A DJ set from aya can be both thrilling and disorienting, a giddy maelstrom of jungle breaks, Dutch techno, UK funky, South African gqom, and who knows what else—plus edits of Charli XCX and “Call Me Maybe,” for good measure. Synthesized voices offer bite-sized philosophical observations (“Google Street View has allowed us to shrink geography,” proclaims a text-to-speech snippet midway through her 2018 Boiler Room set). Mic in hand, aya might shout crowd-stoking interjections, urge her supporters to vote Corbyn, or offer reflective commentary about her own tracks: At Krakow’s Unsound Festival this October, she said that “backsliding,” a queasy, K-holed vision of ambient grime peppered with cryptic references to hedonism and regret, is about leaving Manchester—“probably the hardest thing I’ve ever done,” she added, sounding suddenly serious. On at least one occasion, she has crowd-surfed, oversized chains and tartan plaid flapping as she tumbled over the hands of the crowd. The vibe slips from heady to humorous and back again with whiplashing intensity; the bass is so physical you can feel it in your follicles.
Building on the club sounds of LOFT, aya’s former alter ego, and extending into the realms of musique concrète, drone, and knotty wordplay, the Huddersfield-raised, London-based artist’s debut album, im hole, takes her boundless energy and unbridled creative instincts into a wild new space. On record, her voice is either pitched up and wreathed in the clammy reverb of a small, dank tunnel, or digitally pulverized and scattered to the winds. On paper—the album’s physical edition is a clothbound book—her lyrics take the form of carefully typeset poems whose butterfingered misspellings (“once went west ypp off ur chesdt my ribssn embpdty vessel,abeadt slippd an ekxtra stuttr fluttr midst th wrestl alll breath losstt”) reflect their origin as notes tapped out on her phone in what she has described as states of “transient psychosis.”
aya’s previous releases hewed to more or less familiar traditions of experimental club music. “a fflash gun for a ffiver,” from last year’s Physically Sick 3 compilation, recalls the intricate, jewel-toned bass investigations of labels like Wisdom Teeth, where LOFT released an early EP in 2017. The cartoonish vocal processing of last year’s playful “delishus” sounds like an homage to SOPHIE songs like “Lemonade” and “Hard.” But on im hole, some of aya’s playfulness has burned off, making way for a steely, psychedelic intensity.

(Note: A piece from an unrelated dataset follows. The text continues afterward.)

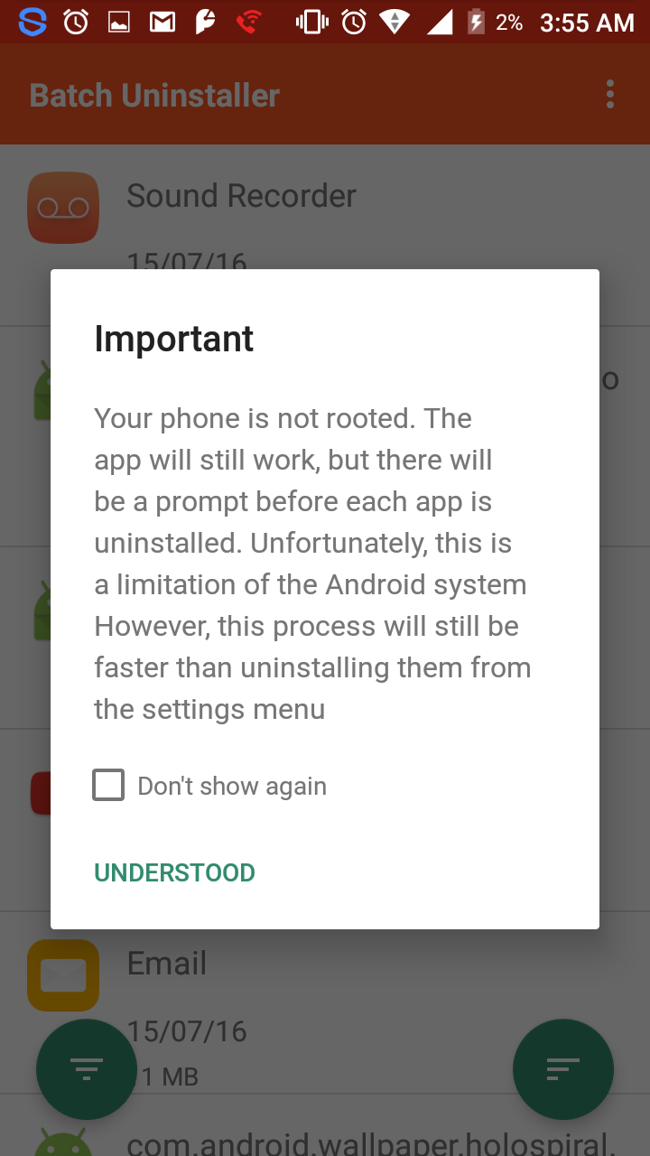 - Launch the app, and if your device is rooted, grant the root permission (for better user experience), otherwise click on the 'understood' option to continue.

The opening track, “somewhere between the 8th and 9th floor,” charts strange new territory. Over a chilly microtonal blast—recorded with her phone in the stairwell between the eighth and ninth floors of her old apartment building, where the wind screaming through a broken window created an uncannily electronic-sounding effect—she intones a sing-song incantation in a witchy pipsqueak: “Me, more, me, more, me, more. Red or blue, me, more, red or blue, red or blue. Red shoes or blue shoes! Red shoes or blue shoes!” It sounds less like a song than a spell being cast. And by the track’s end, a magical transformation has taken place, one that introduces the autobiographical theme that gives this baffling, enveloping album the personal gravitas to balance its dazzling sonic fireworks: “Last year I came round from a hole/With a broken thumb/And a note on my phone/Four words,” she croaks, her voice digitally garbled: “Thee/Vibe/Hath/Changed.”